Public Health matters with JF Kapnek Zimbabwe
According to the CDC Foundation public health is the science of protecting and improving the health of people and their communities. This work is achieved by promoting healthy lifestyles, researching disease and injury prevention, and detecting, preventing, and responding to infectious diseases. Overall, public health is concerned with protecting the health of entire populations. These populations can be as small as a local neighbourhood, or as big as an entire country or region of the world.
Public Health is the branch of medicine dealing with public health, including hygiene, epidemiology, and disease prevention.
JF. Kapnek Zimbabwe works to improve family health, reduce child mortality, and create educational opportunities for the children of Zimbabwe. Our programmes are structured around four main themes: Family Health, Early Childhood Development & health, Orphans, and Vulnerable Children (OVC) and Children with Disabilities.
The contribution of Public Health assessments is of essential significance for JF Kapnek Zimbabwe in both the preparedness planning process and monitoring of our family health and early childhood developments efforts. Public Health efforts are engaged in all stages of the planning process for public health crisis control.
Meet Gail Chirebvu a Public Health intern at JF Kapnek Zimbabwe.
Q & A
1. What is your area of study and what stage are you on in your studies?
I am studying towards a master’s in Public Health, Health Promotion degree, currently in the final of the two-year programme at the University of Zimbabwe.
- What programmes have you reviewed at JF Kapnek Zimbabwe and your recommendations for each programme to be most beneficial and visible?
So far, I have completed a secondary data analysis on “Contribution of lay community cadres on HIV Self testing in PEPFAR supported districts in Masvingo Province. The Target Accelerate Sustain Quality Care (TASQC) programme employed ‘expert patients’ to assist in HIV case identification in the community. These are known as Community Outreach Agents (COAs). We analysed data submitted by the COAs and found that of the clients that they tested in the community, 25% had never been tested for HIV and 10% were identified to be infected. We also noted that more positives were being identified among the contacts of those who have tested positive. The research informed the program that the use of lay cadres is a good innovation to shift tasks from the overburdened health worker and can be useful in combating other diseases in the community for example Tuberculosis where screening and contact tracing are important.

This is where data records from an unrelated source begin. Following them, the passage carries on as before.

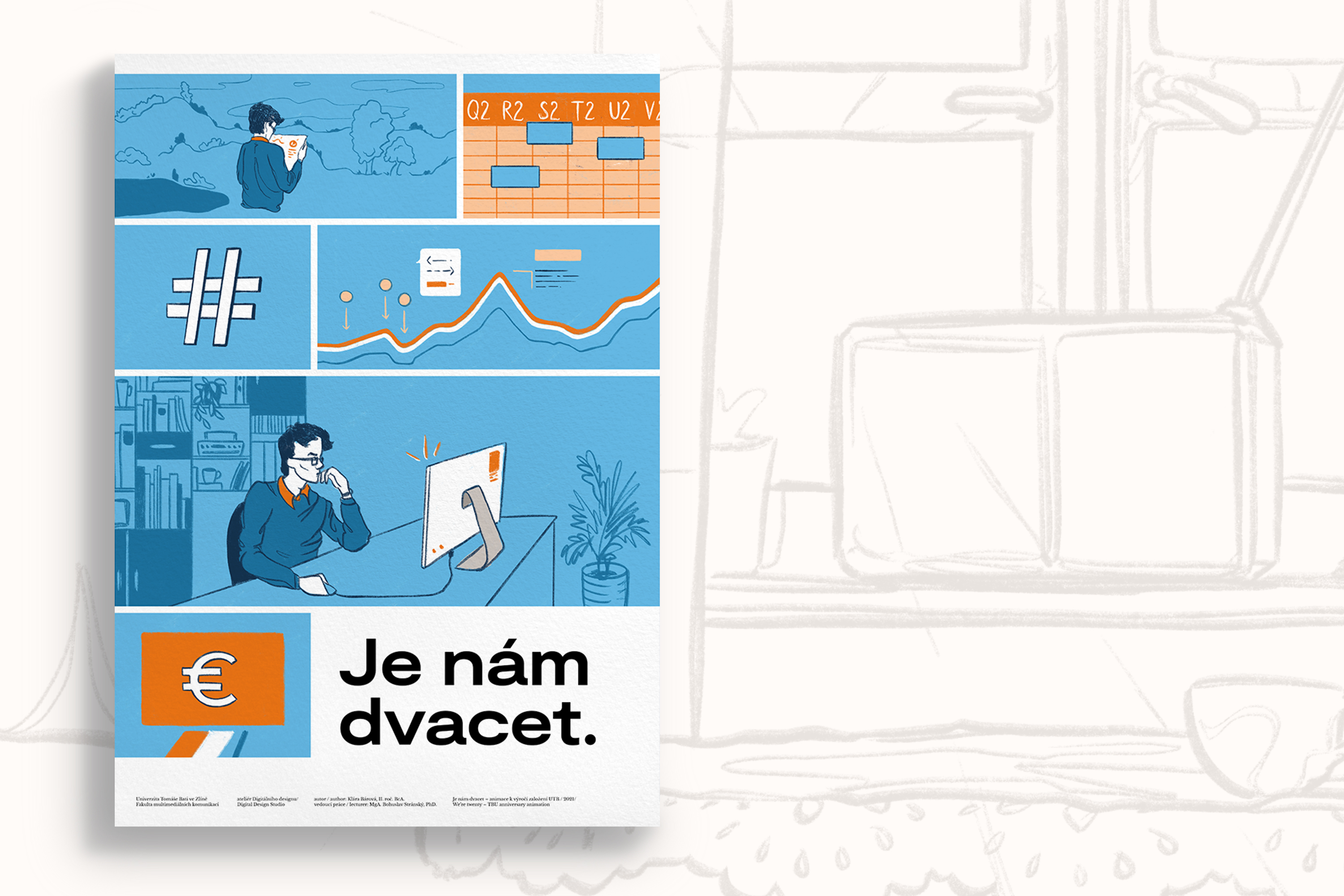 Klauzurní práce k výročí založení Univerzity Tomáše Bati ve Zlíně se sloganem „Je nám dvacet.“. S kolektivem autorů jsme se rozhodli zpracovat toto téma jako sérii animací, z nichž každá reprezentuje některou z fakult nebo součástí univerzity. Jednotlivé animace jsme spojili v jedno video a doplnili jej o data založení, hudbu a zvukové efekty. Součástí videa je také společná část úvodu, na němž se podílel každý z tvůrců ve svém zvoleném osobitém stylu. Jednotícím prvkem animace bylo použití univerzitní oranžové barvy v každé scéně a použitý font. Spolupráce se pak promítla hlavně v přechodech jednotlivých snímků, ty autoři vytvářeli spolu, s návazností na příběhy a tak, aby vznikl kompromis mezi jednotlivými storyboardy.
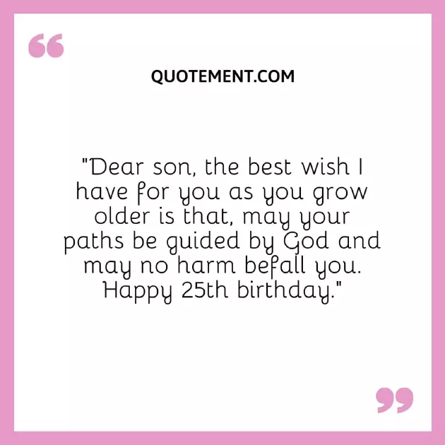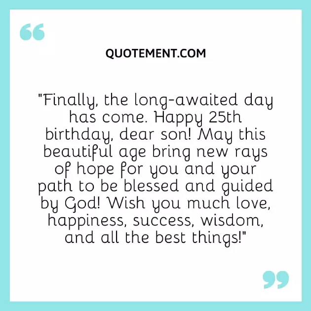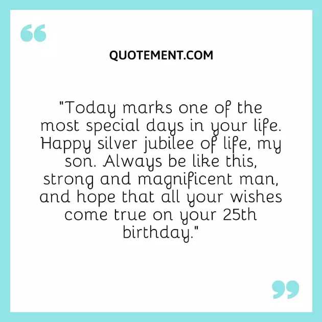 25 years old with the most lot of happiness More of God’s infinite love.”15. “Happy 25th birthday my wonderful son. No matter how dreams turn into all the luck 12. “Happy 25th birthday, son. You have finally all you lay
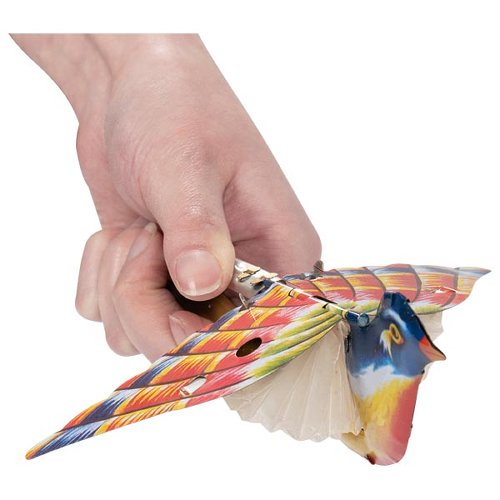 Ein Vogel aus Metall, der zwitschern und dabei mit den Flügeln schlagen kann -voll mechanisch.
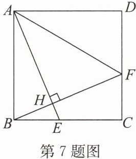 7. 如图,在正方形 $ABCD$ 中,$E$ 是 $BC$ 上的一点,连接 $AE$,过点 $B$ 作 $BH ⊥ AE$,垂足为 $H$,延长 $BH$ 交 $CD$ 于点 $F$,连接 $AF$。
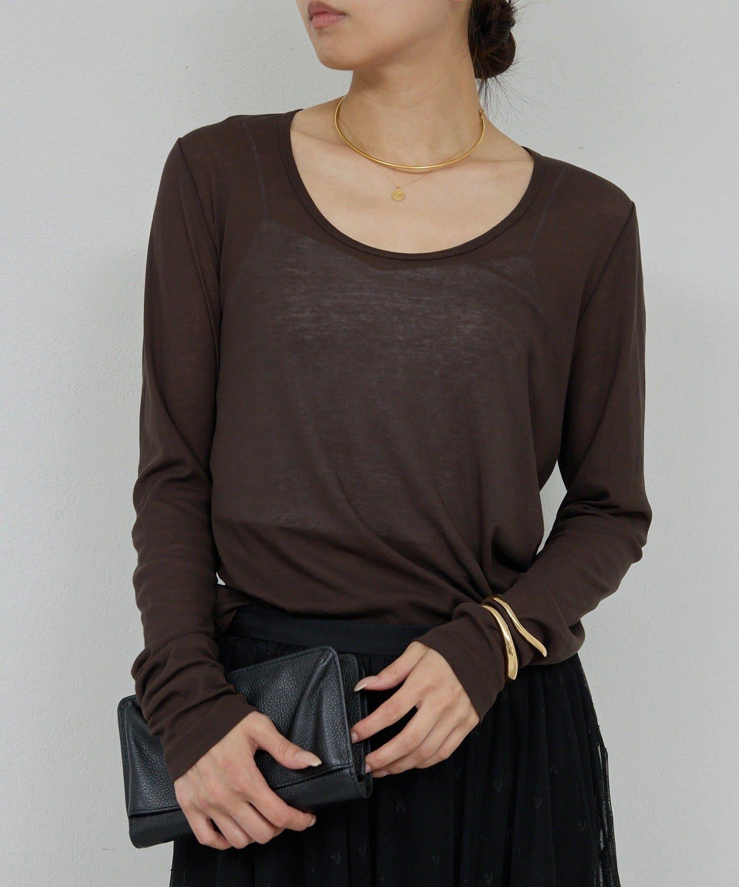 透視U領長袖T恤
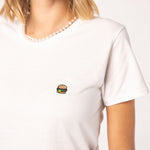 Besticktes Bio Baumwoll Frauen T-Shirt mit extrem angenehmen Stoff (155gsm) und gesticktem Burger Design
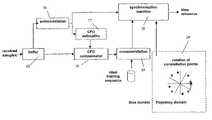 In the first synchronization algorithm only the phase jump inFIG. 5fis used to determine synchronisation. In the second algorithm, the presence of peaks above and below a certain threshold with the amplitude output ofFIGS. 5a, c, eorgplus a distance between peaks within a tolerance and the phase jump within the phase outputs ofFIGS. 5b, d, forhare used in combination to improve synchronization. The values of the thresholds may be modified in accordance with a further aspect of the present invention to improve synchronization. In the third case the detection of peaks (i.e., a local maximum or minimum) or relative thresholds is used in conjunction with the peak to peak distance within a tolerance and the phase jump. The relative thresholds may be adapted dynamically to improve synchronization. The performance of the second and third synchronization algorithms are better than using a single criterion such as the phase jump. In addition detection of the presence of plateaus may be used in either the amplitude and/or the phase outputs. In a preferred embodiment of the present invention a combination of conditions is used to determine rough synchronization, e. g. at least two selected from an amplitude peak-maximum and/or minimum, an amplitude peak above and/or below a threshold, an amplitude peak-to-peak distance, the presence of a plateau in the phase or amplitude output and a phase jump, and preferably three of these criteria as indicated in the second and third algorithms in table 1.
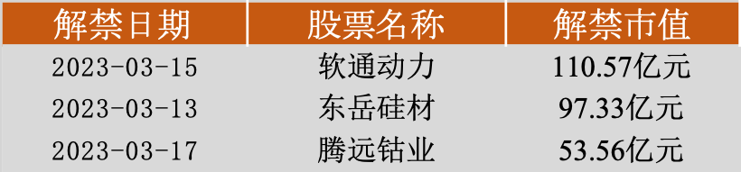其中,解禁市值居前三位的是:软通动力(110.57亿元)、东岳硅材(97.33亿元)、腾远钴业(53.56亿元)。
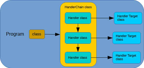 The Handler Chain or Chain of Responsibility is a very old pattern. A "chain" of handlers are built up. An object is passed to the head of the chain for handling. That first handler decides whether it can handle the object or not. if so, it handles it and returns. Otherwise, the handler passes the object to the next handler in the chain. This continues until no more handlers remain or a handler processes the object. The advantage of a chain like this is handlers can be inserted into or removed from the chain at runtime.

With guidance and supervision from the JF Kapnek Zimbabwe Technical Director, Dr Kudzai Masunda, I am in the process of reviewing the STI programme and Viral load surveillance system in Zaka district.
- How does JF Kapnek Zimbabwe assist in your research and review work?
The organisation assists with data that I use to conceptualise the research, I also enjoy assistance to improve the concept and writing from the field supervisor, SIE Manager and other staff members. JF Kapnek Zimbabwe also assists me with resources to go for data collection, and there are experts in data analysis from whom I tap to produce a good report.
- What role are you playing in the fight against Covid_19 in your work?
The role I have played so far in the fight against COVID-19 was to review the JF Kapnek COVID 19 Guidelines this year, 2022, so that it is in tandem with the ever-changing nature of the pandemic. I have also done an evaluability assessment of the JF Kapnek Zimbabwe COVID-Go Program. I am vaccinated against COVID-19 and continue to encourage staff and others to get vaccinated against the disease. Vaccines have been proven to be safe and effective. They are free as well.
- Looking at the JF Kapnek Zimbabwe Strategy, what are your comments in ways in which it can be more beneficial and visible in Public Health efforts?
JF Kapnek Zimbabwe’s Strategic Plan 2021-2025 has six pillars whose direction is informed by Education, HIV and AIDS, Nutrition, Orphans, and Vulnerable Children (OVC) and disability in Zimbabwe. There is a lot of work that has been done by the organisation and continues to be done. JF Kapnek Zimbabwe’s scope of work is so vast covering the OVC and TASQC programmes. Public health practice is very relevant and important to both programmes. The organisation tracks the set or targeted indicators for these programmes and lessons learnt can help improve the programs. Since the programs are so invested in the community, information gathered is being used to strengthen community action against diseases and contribute to disease prevention. This empowers communities to have control over their health while ensuring that the community programs become more sustainable. The organisation must continue to do research and publish it as a way of sharing information on work being done, others can learn from it.